## Supplied material

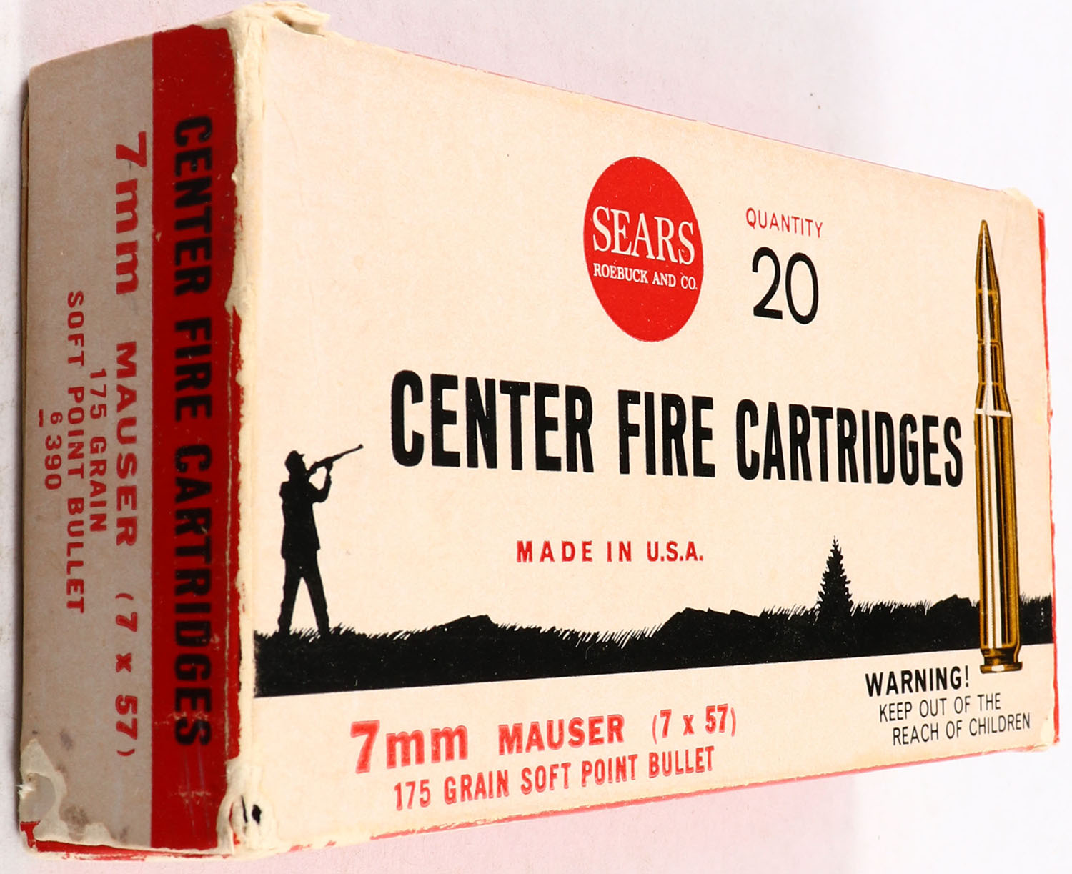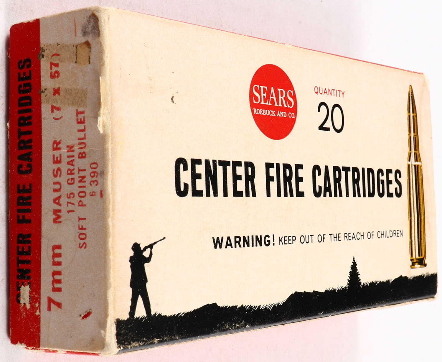 Sears, Center Fire Carts., 7mm Mauser, 175 Gr. Soft Point, 1pc, Full of mixed H.S., Red white & black box, box is solid with rub marks & light corner wear, ammo is very good. Grade: Very Good - Value: 10 to 40
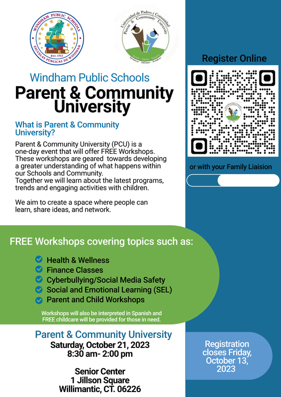 Join us in the return of our Windham Public Schools Parent and Community University. A fun and educational day for everyone.
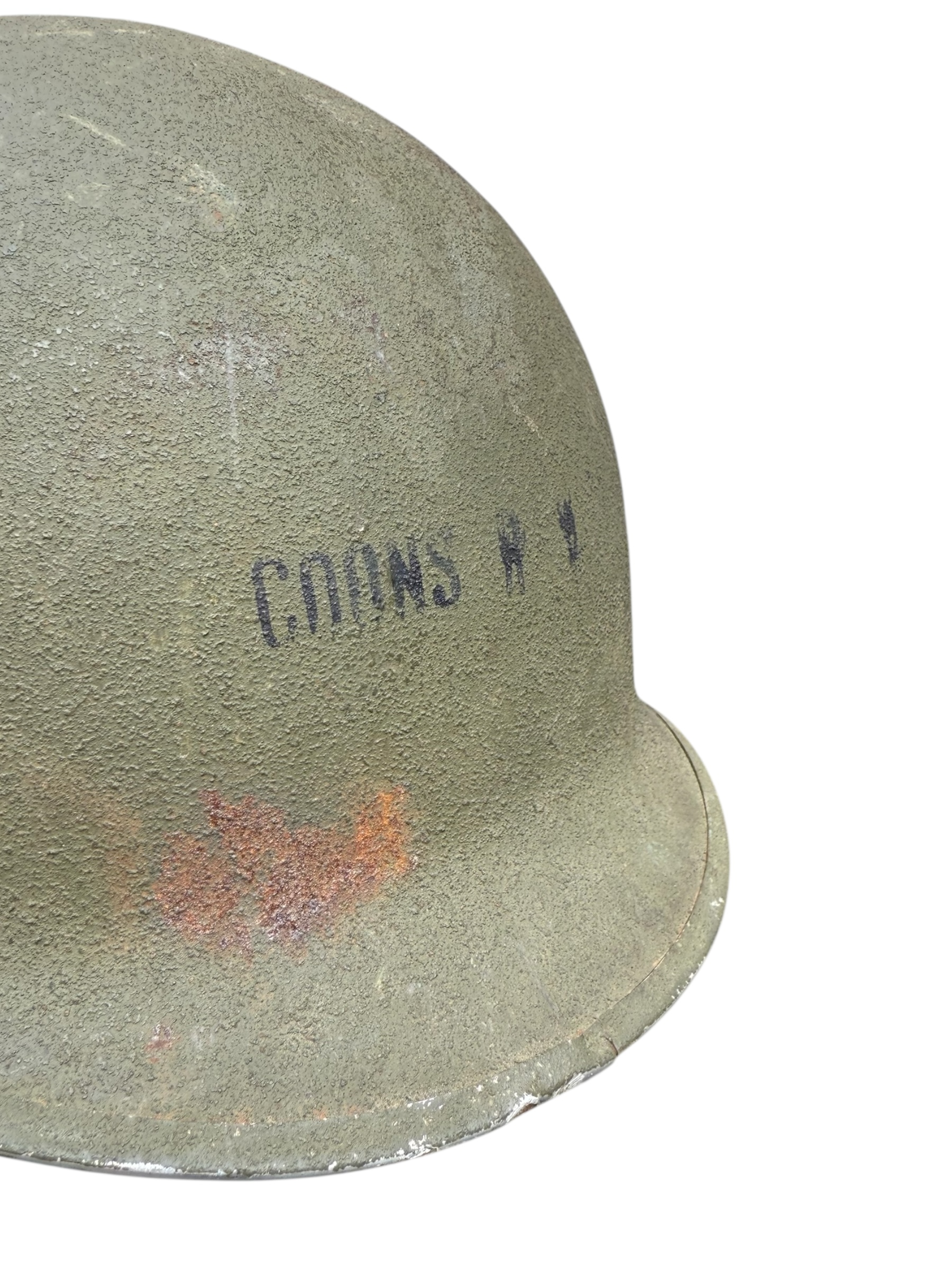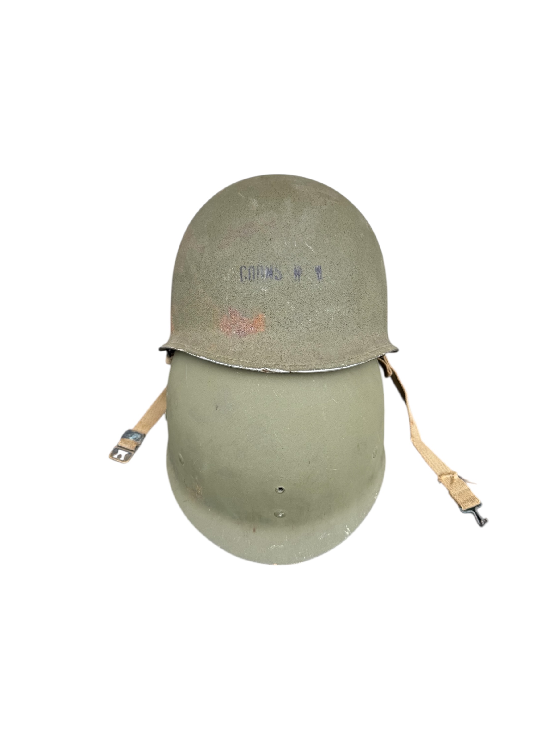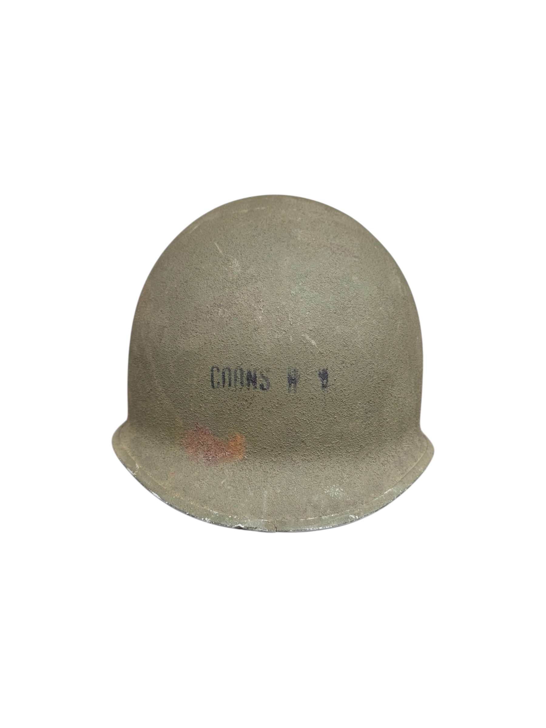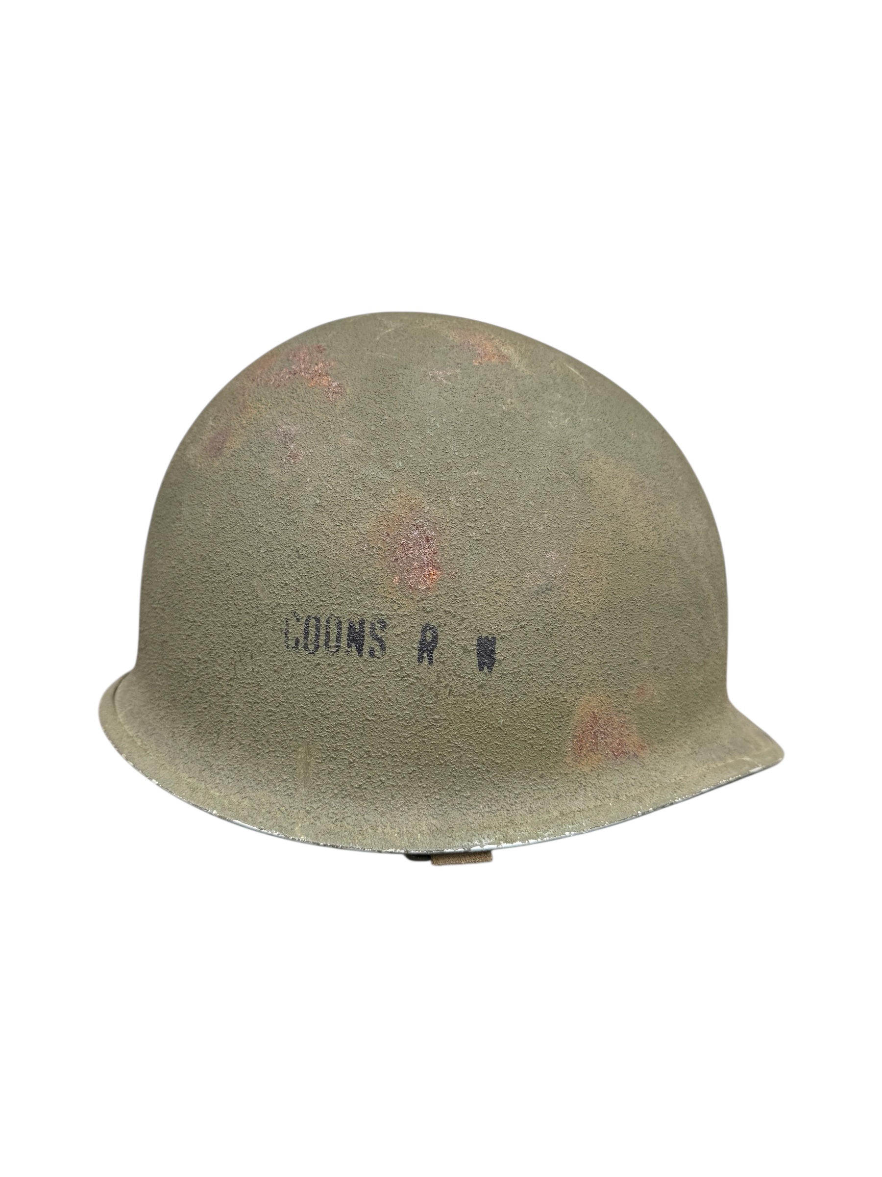 Amerikaanse WO2 M1 front seam fixed bale helm in nette staat. Het betreft een McCord schaal met een ruwe patina en de vroege Heatstamp 56F (1941/1942). De Westinghouse liner is nog in nette staat, maar de zweetband ontbreekt helaas. Een leuk detail is dat op meerdere plekken de naam Coons terug te vinden is. Hier is verder nog geen onderzoek naar gedaan.

## Exercise aim
Print nothing except the lines from the one with "Join us in the" through the last line of the listing, exactly as written and with pictures removed.

## Task solution
 Join us in the return of our Windham Public Schools Parent and Community University. A fun and educational day for everyone.
 Amerikaanse WO2 M1 front seam fixed bale helm in nette staat. Het betreft een McCord schaal met een ruwe patina en de vroege Heatstamp 56F (1941/1942). De Westinghouse liner is nog in nette staat, maar de zweetband ontbreekt helaas. Een leuk detail is dat op meerdere plekken de naam Coons terug te vinden is. Hier is verder nog geen onderzoek naar gedaan.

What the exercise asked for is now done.